##### SUPPLIED INFORMATION #####

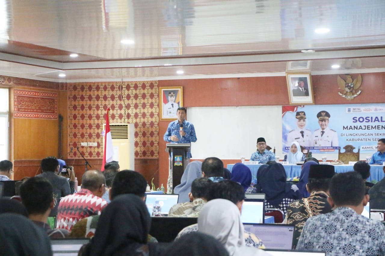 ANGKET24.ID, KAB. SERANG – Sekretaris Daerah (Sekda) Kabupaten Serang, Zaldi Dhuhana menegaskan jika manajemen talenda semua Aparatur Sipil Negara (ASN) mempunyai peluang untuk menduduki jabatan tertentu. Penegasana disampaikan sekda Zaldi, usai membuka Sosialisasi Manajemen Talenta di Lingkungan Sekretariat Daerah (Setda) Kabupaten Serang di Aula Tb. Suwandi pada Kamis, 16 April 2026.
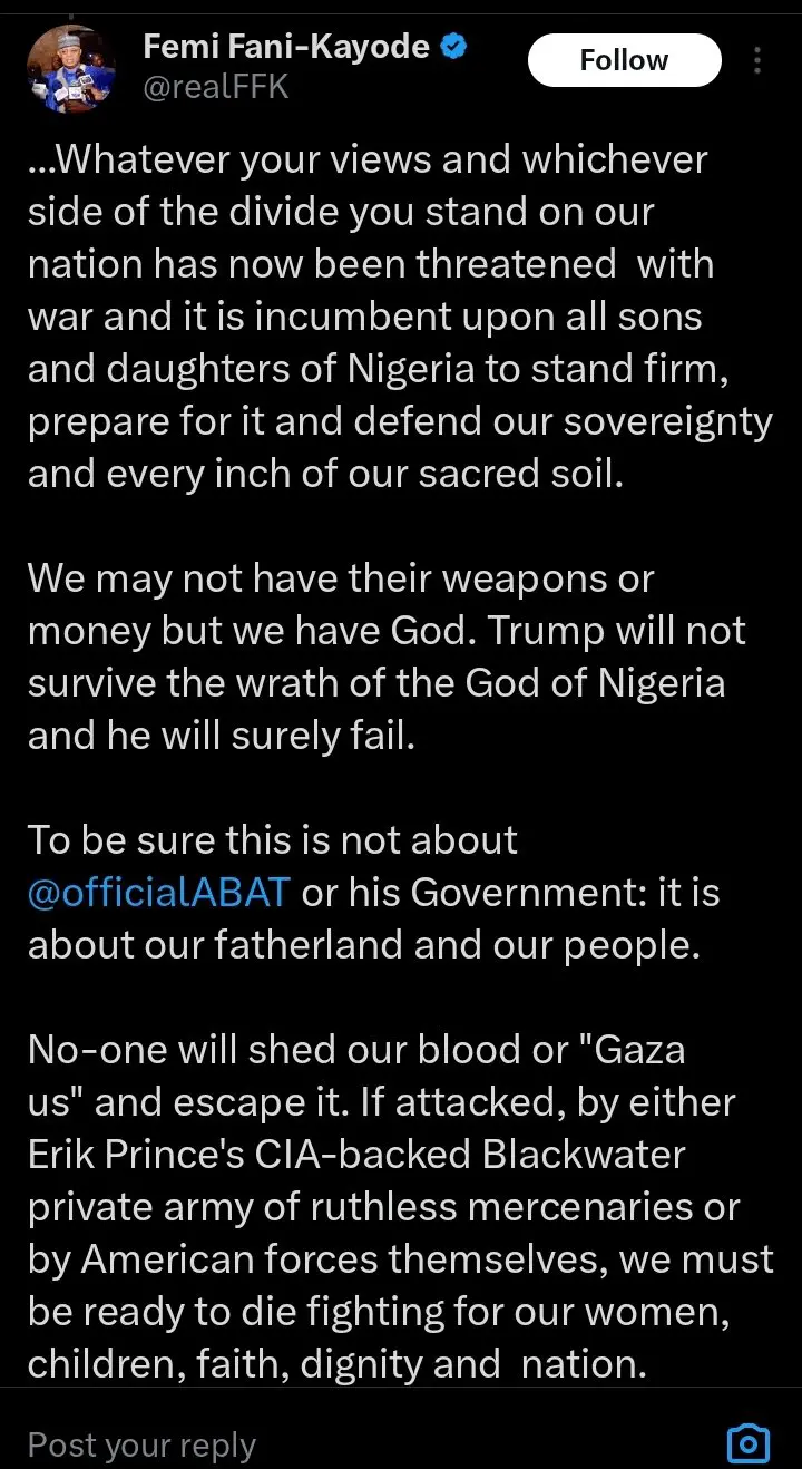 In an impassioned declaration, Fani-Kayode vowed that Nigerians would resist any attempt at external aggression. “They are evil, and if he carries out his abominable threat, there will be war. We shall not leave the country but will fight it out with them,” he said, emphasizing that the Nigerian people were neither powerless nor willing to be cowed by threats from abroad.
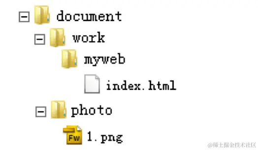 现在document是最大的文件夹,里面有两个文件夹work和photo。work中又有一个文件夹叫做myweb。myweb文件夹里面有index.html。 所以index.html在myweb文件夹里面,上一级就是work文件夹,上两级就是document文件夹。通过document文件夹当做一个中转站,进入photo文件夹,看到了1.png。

#####

INSTRUCTIONS FOR THE TASK »
Omit the pictures, and quote the material above exactly as given.

SOLVED PROBLEM »
 ANGKET24.ID, KAB. SERANG – Sekretaris Daerah (Sekda) Kabupaten Serang, Zaldi Dhuhana menegaskan jika manajemen talenda semua Aparatur Sipil Negara (ASN) mempunyai peluang untuk menduduki jabatan tertentu. Penegasana disampaikan sekda Zaldi, usai membuka Sosialisasi Manajemen Talenta di Lingkungan Sekretariat Daerah (Setda) Kabupaten Serang di Aula Tb. Suwandi pada Kamis, 16 April 2026.
 In an impassioned declaration, Fani-Kayode vowed that Nigerians would resist any attempt at external aggression. “They are evil, and if he carries out his abominable threat, there will be war. We shall not leave the country but will fight it out with them,” he said, emphasizing that the Nigerian people were neither powerless nor willing to be cowed by threats from abroad.
 现在document是最大的文件夹,里面有两个文件夹work和photo。work中又有一个文件夹叫做myweb。myweb文件夹里面有index.html。 所以index.html在myweb文件夹里面,上一级就是work文件夹,上两级就是document文件夹。通过document文件夹当做一个中转站,进入photo文件夹,看到了1.png。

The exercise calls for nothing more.